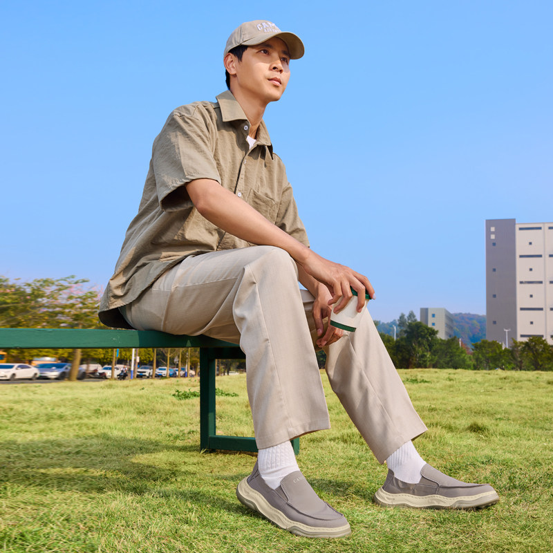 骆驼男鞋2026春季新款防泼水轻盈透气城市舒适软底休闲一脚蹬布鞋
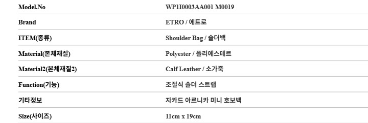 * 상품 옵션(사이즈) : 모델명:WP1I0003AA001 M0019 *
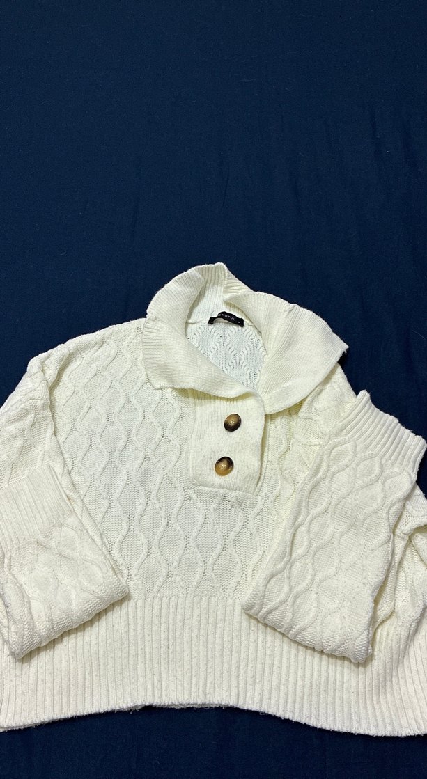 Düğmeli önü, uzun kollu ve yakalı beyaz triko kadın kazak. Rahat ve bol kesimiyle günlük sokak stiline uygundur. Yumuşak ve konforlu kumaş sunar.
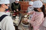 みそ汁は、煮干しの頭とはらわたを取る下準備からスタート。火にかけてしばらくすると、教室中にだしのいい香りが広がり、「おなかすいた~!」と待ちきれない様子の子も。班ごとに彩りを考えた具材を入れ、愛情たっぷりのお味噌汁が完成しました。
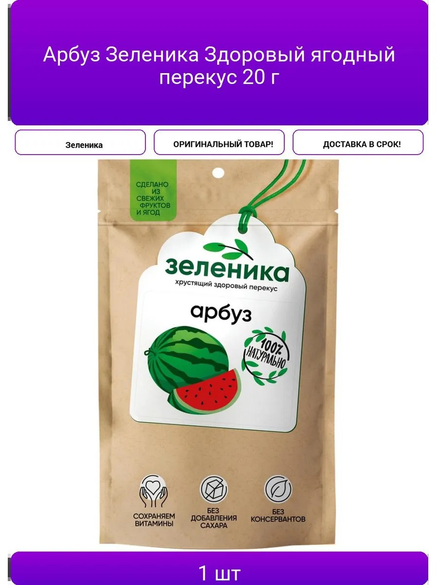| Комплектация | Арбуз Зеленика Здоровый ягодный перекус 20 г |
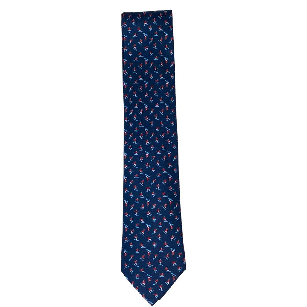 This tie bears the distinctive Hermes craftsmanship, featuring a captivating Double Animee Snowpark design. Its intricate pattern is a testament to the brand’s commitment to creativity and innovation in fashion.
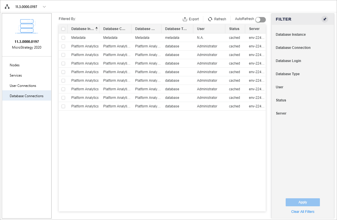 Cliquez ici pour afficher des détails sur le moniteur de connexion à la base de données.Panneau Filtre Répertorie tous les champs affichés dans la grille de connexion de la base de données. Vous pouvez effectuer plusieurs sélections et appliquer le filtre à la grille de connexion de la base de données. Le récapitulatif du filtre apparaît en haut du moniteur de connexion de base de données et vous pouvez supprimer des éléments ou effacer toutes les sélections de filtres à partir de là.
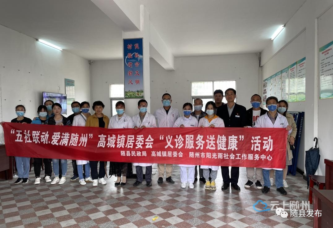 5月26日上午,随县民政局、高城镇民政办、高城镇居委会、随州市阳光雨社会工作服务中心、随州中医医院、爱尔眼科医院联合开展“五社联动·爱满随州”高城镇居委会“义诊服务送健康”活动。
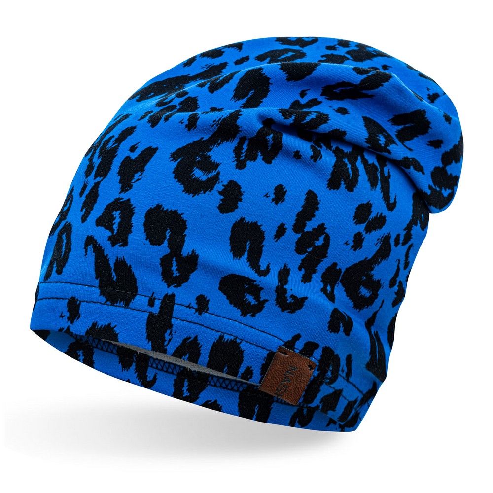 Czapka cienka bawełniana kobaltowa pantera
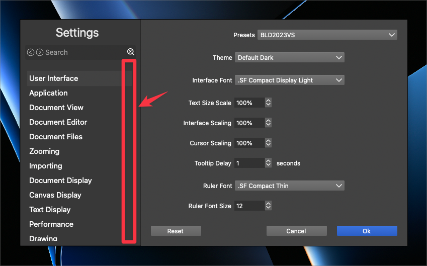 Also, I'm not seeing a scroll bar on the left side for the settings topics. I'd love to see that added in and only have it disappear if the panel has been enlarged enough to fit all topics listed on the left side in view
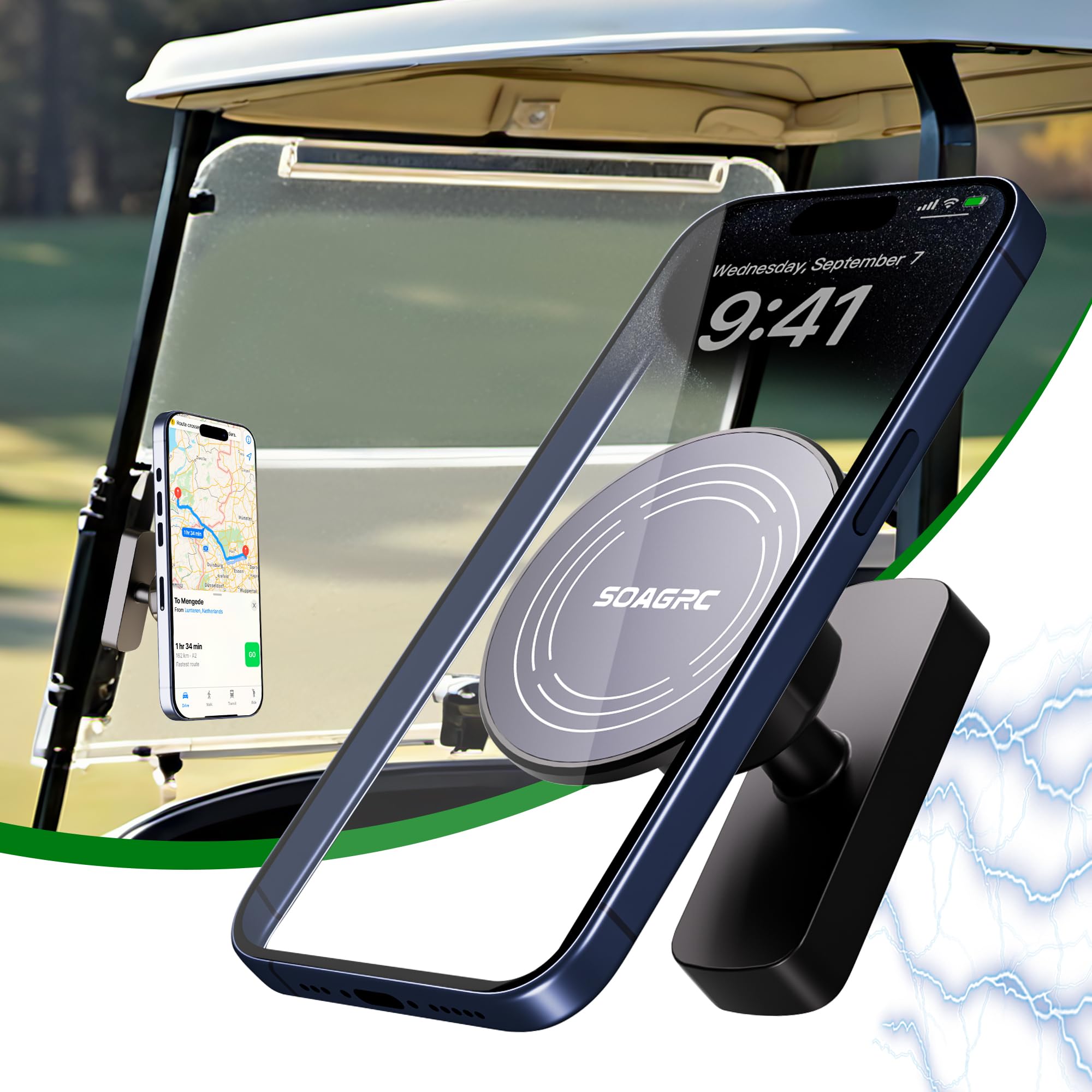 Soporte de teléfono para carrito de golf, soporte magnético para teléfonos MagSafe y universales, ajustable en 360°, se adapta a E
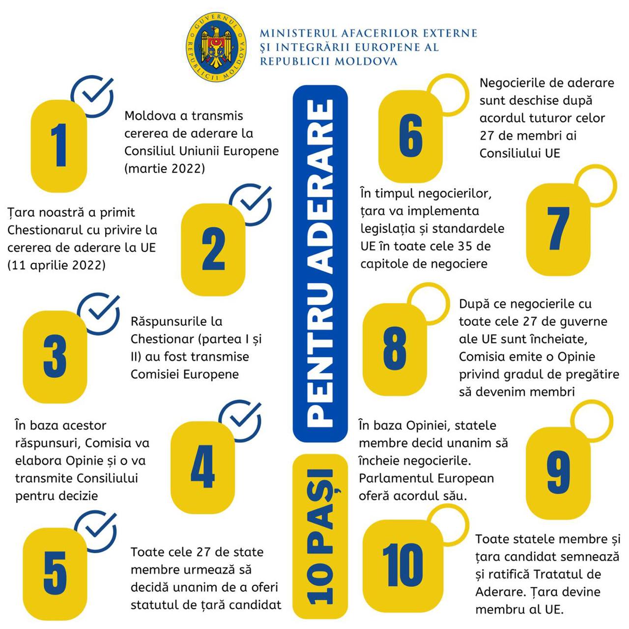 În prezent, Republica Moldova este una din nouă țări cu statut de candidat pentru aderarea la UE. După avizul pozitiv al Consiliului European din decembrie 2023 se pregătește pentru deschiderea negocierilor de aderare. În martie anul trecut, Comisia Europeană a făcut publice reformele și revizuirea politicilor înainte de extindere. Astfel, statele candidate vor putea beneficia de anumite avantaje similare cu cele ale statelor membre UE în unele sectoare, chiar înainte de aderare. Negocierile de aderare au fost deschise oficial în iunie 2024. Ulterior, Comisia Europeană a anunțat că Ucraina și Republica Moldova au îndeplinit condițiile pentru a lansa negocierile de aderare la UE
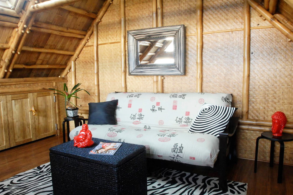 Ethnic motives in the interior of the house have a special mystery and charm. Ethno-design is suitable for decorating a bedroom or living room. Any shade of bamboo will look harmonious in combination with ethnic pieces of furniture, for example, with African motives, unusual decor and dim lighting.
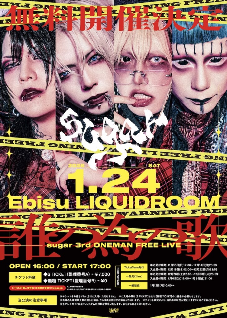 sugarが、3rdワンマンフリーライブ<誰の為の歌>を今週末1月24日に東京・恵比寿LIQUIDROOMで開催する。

§ **Assigned task**: Output, exactly and only, the lines beginning with the one that contains "Soporte de teléfono" and ending at the last line of the records above. Drop the pictures.

§ **Exercise answer**:
 Soporte de teléfono para carrito de golf, soporte magnético para teléfonos MagSafe y universales, ajustable en 360°, se adapta a E
 În prezent, Republica Moldova este una din nouă țări cu statut de candidat pentru aderarea la UE. După avizul pozitiv al Consiliului European din decembrie 2023 se pregătește pentru deschiderea negocierilor de aderare. În martie anul trecut, Comisia Europeană a făcut publice reformele și revizuirea politicilor înainte de extindere. Astfel, statele candidate vor putea beneficia de anumite avantaje similare cu cele ale statelor membre UE în unele sectoare, chiar înainte de aderare. Negocierile de aderare au fost deschise oficial în iunie 2024. Ulterior, Comisia Europeană a anunțat că Ucraina și Republica Moldova au îndeplinit condițiile pentru a lansa negocierile de aderare la UE
 Ethnic motives in the interior of the house have a special mystery and charm. Ethno-design is suitable for decorating a bedroom or living room. Any shade of bamboo will look harmonious in combination with ethnic pieces of furniture, for example, with African motives, unusual decor and dim lighting.
 sugarが、3rdワンマンフリーライブ<誰の為の歌>を今週末1月24日に東京・恵比寿LIQUIDROOMで開催する。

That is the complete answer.